L’acception technique, observée dans le milieu des juristes dès les années 1990 (il s’agissait surtout de distinguer les droits de l’homme de l’usage – tendant, selon certains, à l’instrumentalisation – que pouvaient en faire des militants politiques) a progressivement cédé la place, dans la décennie 2000, à une acception plus ouvertement péjorative, mobilisée à droite.

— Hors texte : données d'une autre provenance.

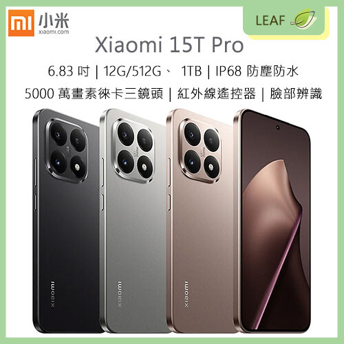 #公司貨 #小米 #Xiaomi #15TPro #6.83吋 #12G/512G #12G/1TB #5G+5G雙卡雙待 #5000萬畫素徠卡三鏡頭 #5500mAh電量 #IP68防塵防水等級 #指紋辨識 #臉部辨識 #智慧型手機
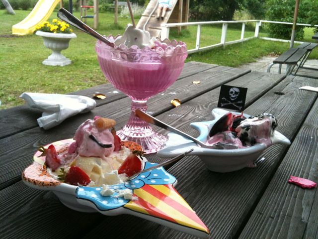 En kombination av dåligt samvete och muta för att få tyst i bilen får mig lova glass före lunch. Då dyker glassrestaurangen upp några minuter senare vid vägen. Där sätter vi oss och beställer 4 glass-rätter för 450 kr. I vanliga fall skulle vi vänt även här vid såna priser om det inte vore för att det framstod som billigt i jämförelse med vad vi precis lyckats undvika.
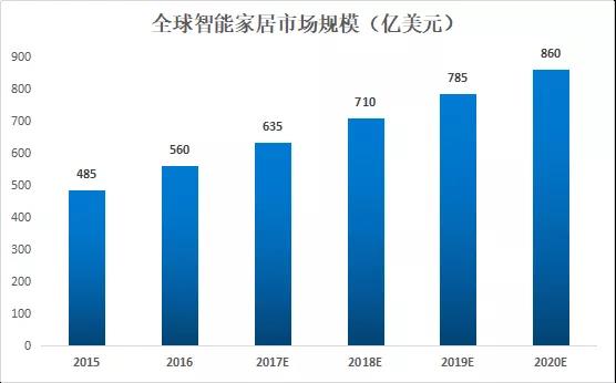 根據(jù)GFK統(tǒng)計(jì),全球智能家居市場(chǎng)規(guī)模在2015年達(dá)485億美元,隨后增速逐漸趨緩,預(yù)計(jì)仍然維持每年約80億美元的增速。預(yù)計(jì)2018年市場(chǎng)規(guī)模將達(dá)到710億美元。

Droits-de-l’hommisme désigne alors narquoisement la croyance, voire le culte (on parle parfois de “religion des droits de l’homme”), en un humanisme naïf, fondé entre autres sur la défense morale de la liberté, de l’égalité et de la fraternité – toutes notions que, depuis le XIXe siècle, les tenants de la tradition contre-révolutionnaire jugent abstraites et sans efficacité. À droite comme à gauche on dénonce la focalisation sur l’individu, au détriment de la communauté.

[…]


E. Skyvington, M-H. Soenen, C. Mury, G. Odicino –Télérama – Source (Extraits nous vous conseillons de lire l’intégralité de l’article)


3 réflexions sur “« Devoyage » des mots et pensées.

  1. jjbadeigtsorangefr 15/01/2022 / 9h57

    Platon le dénonçait : « La perversité de la nation passe par la fraude des mots ».
    Torturer la pensée est une spécialité de l’extrême droite qui glisse dans ses discours un vocabulaire que personne ne comprend sans explication.
    C’est là sa force, car comme le latin dans l’expression de prêtres ou l’arabe littéraire dans celle des imams et le yiddish pour les juifs, cela confère aux propos une dose de mystère qui confond croyance et réalité. L’acceptation des mots sans en comprendre le sens permet ainsi à tout un chacun qui y croit de penser qu’il est l’objet particulier de la pensée du prêcheur et que par conséquent il est placé sous sa protection dès lors qu’il reste obéissant…

  2. clodoweg 15/01/2022 / 17h27

    « Devoyage » ??? « Dévoiement » irait tout aussi bien ,non…,

    • Libres jugements 15/01/2022 / 18h01

      Oui, tu as raison… J’ai fait volontairement cette faute, pour attirer l’attention sur l’article…
      Juste une astuce comme une autre
      Merci en tout cas d’avoir « commenté » et à juste titre relevé cette incongruité.